SIMD (Single Instruction, Multiple Data) is processing in which a single instruction operates
on multiple data elements that make up a vector data-type. SIMD instructions are also called
vector instructions. This style of programming implements data-level parallelism. Most
processor architectures available today have been augmented, at some point, in their design
evolution with short vector, SIMD extensions. Examples include Streaming SIMD Extensions
(SSE) for x86 processors, and PowerPC’s Velocity Engine with AltiVec and VMX. The
different architectures exhibit large differences in their capabilities. The vector size is either
64 bits or, more commonly, 128 bits. The register file size ranges from just a few to as many
as 256 registers. Some extensions only support integer types while others operate on single
precision, floating point numbers, and yet others process double precision values. Today, the
Synergistic Processing Element (SPE) of the CELL processor can probably be considered the
state of the art in short vector, SIMD processing. Possessing 128-byte long registers and a
fully pipelined fused, multiply-add instruction, it is capable of completing as many as eight
single precision, floating point operations each clock cycle.

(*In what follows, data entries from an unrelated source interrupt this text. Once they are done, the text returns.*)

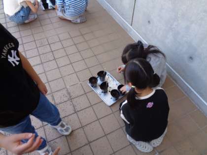 理科の授業で、ホウセンカ、ピーマン、オクラ、ひまわりの4種類の種を植えました。
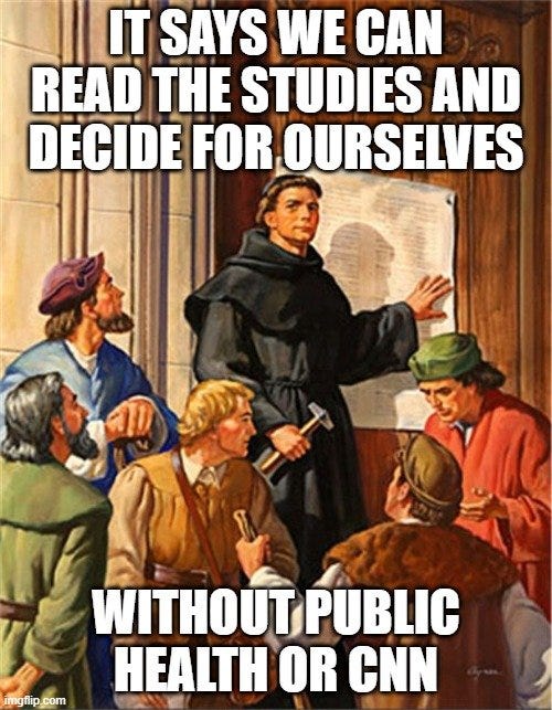 That’s the revolution that we are in — and it’s why the fighting is so fierce. There is no reason to allow your doctor to speak to you in Latin. You can read the study for yourself. That is leading to a massive shift in power away from the gatekeepers to the people — and so the feudal lords have decided to massacre us (in ways that are reminiscent of the German Peasants’ War).
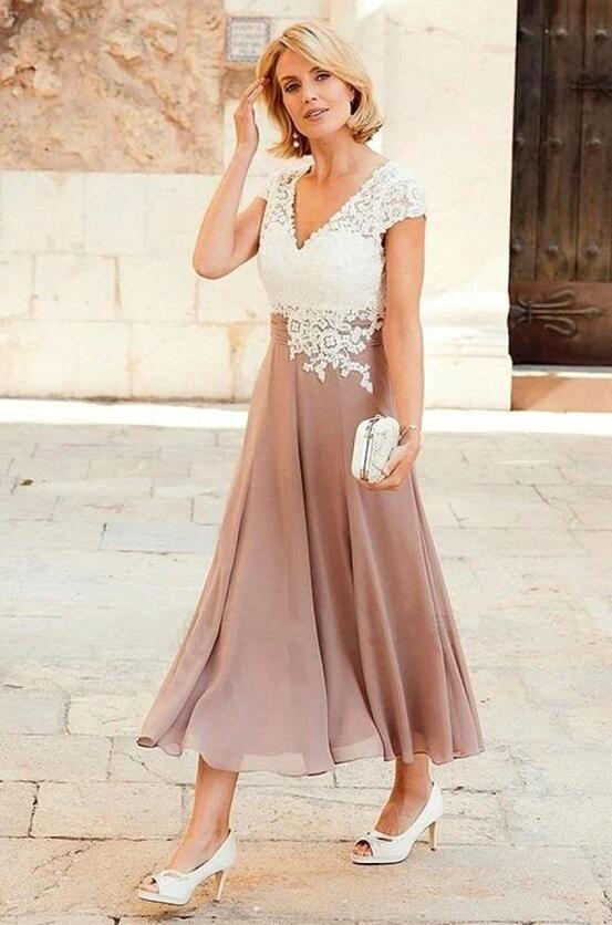 Simple Chiffon Mother of the Bride Lace Dress With Cap Sleeve
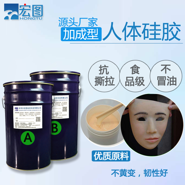 人體硅膠是一種加成型雙組份液體硅橡膠,無毒無味安全環(huán)保,硫化后會成為柔軟的彈性材料。 人體硅膠分AB雙組份,A組分硅膠,B組分固化劑,A:B一般為1:1。該產(chǎn)品既能室溫固化,也可以加溫固化,顏色為無色或皮膚色,其它顏色需聯(lián)系我司進行特調(diào)。
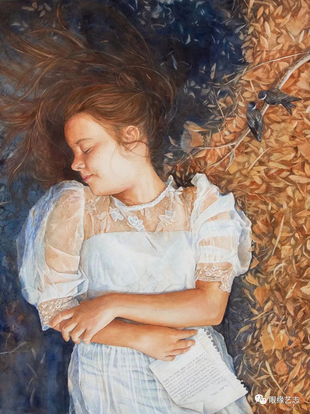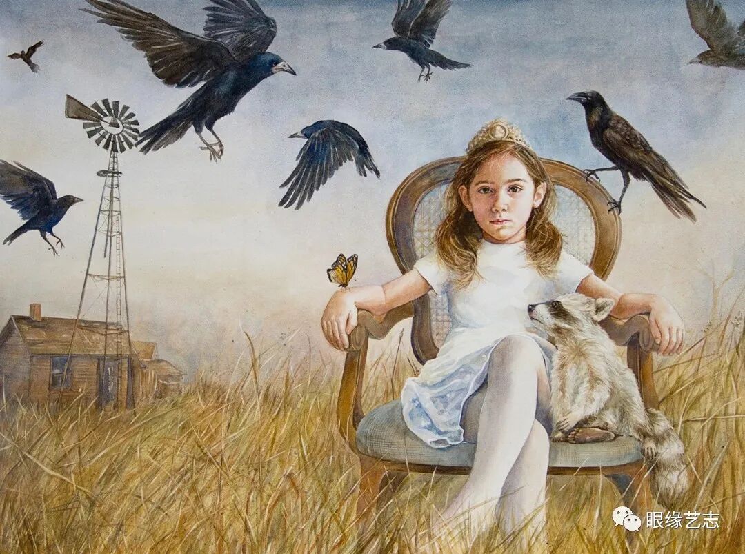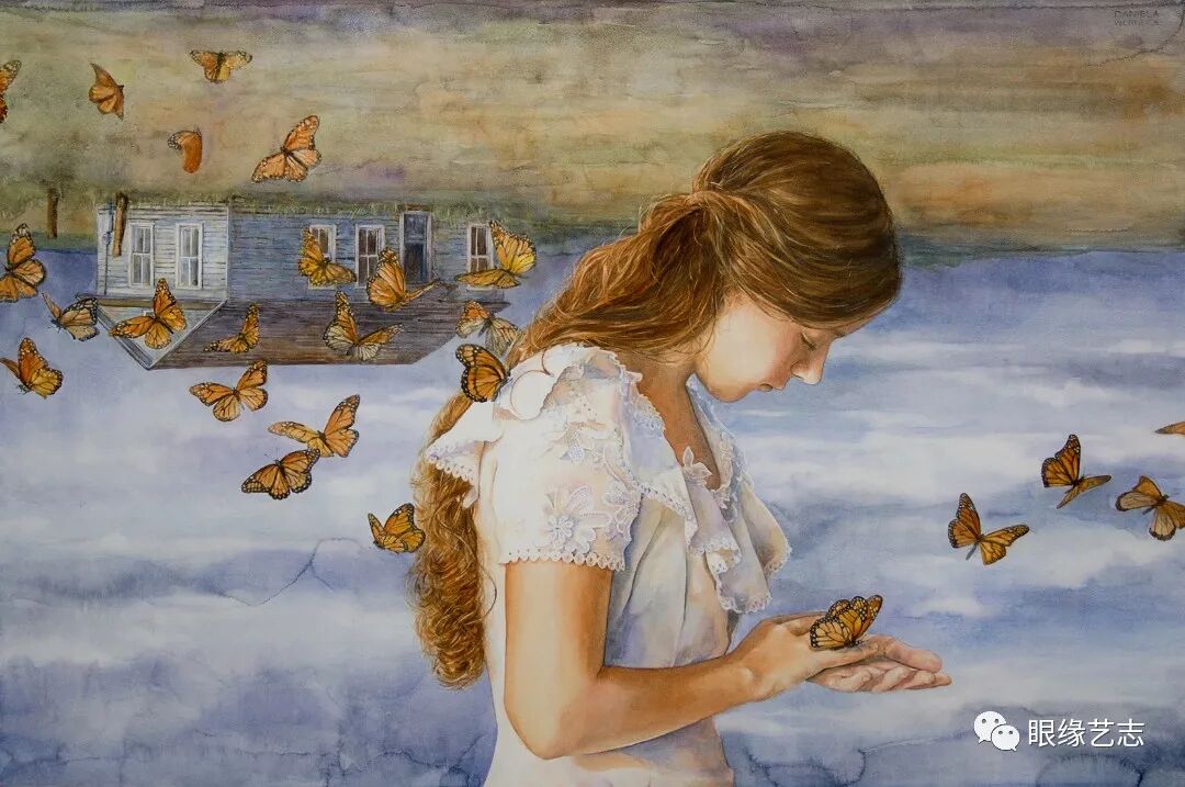 她的水彩甜美、深邃、透彻感官,会带着纯洁的新鲜空气沁入心胸,将你包裹在一个没有约束、没有荒谬的童话故事中,尽管这样的童话并不总是欢欣与完满的,更多的时候,故事中浸满了无奈、酸楚、漫长的沉默以及悄然的泪水。

This was in 2009, but I think this part was not changed from the original Cell, so their SIMD at least has managed to stay 'state of the art', at least according to this paper.
tool wise Cell never really has had a good set. One thing you notice pretty quickly is that anything you want to optimize kernel wise almost always has a call/function within MKL. Cells tools and libraries are severely lacking even today compared GPGPU. A large part of Cell's issues stem from it being a relatively exotic architecture will very poor tools support. It is interesting to contrast Cell in that regard with the data that came out of the TACC workshop on Intel's MIC which had large full scientific workloads ported in days and with good scaling.
I don't think many people disagree with you on this one. As the article says itself, 'the control is put back into the hands of the programmer' with the downside being that you have to do a lot of work you otherwise wouldn't have. Even with some of the tools maturing and becoming quite good (and the Cell simulator I think is pretty helpful too, as it allows you to follow your data exactly, quite nice), Cell remains (too much of) a specialist device to become very mainstream. But it is still a really, really cool design and chip to have in a console, and of all the things that have gotten in the way of the PS3, I'd say the blue laser was a far bigger issue (delaying its launch) as well as the company that made the device being crap at the software side of things.
Thanks for digging up these papers by the way.
EDIT: and respect to the guys working on this. They really know their stuff and it is surprising how far they got with the amount of time they've spent.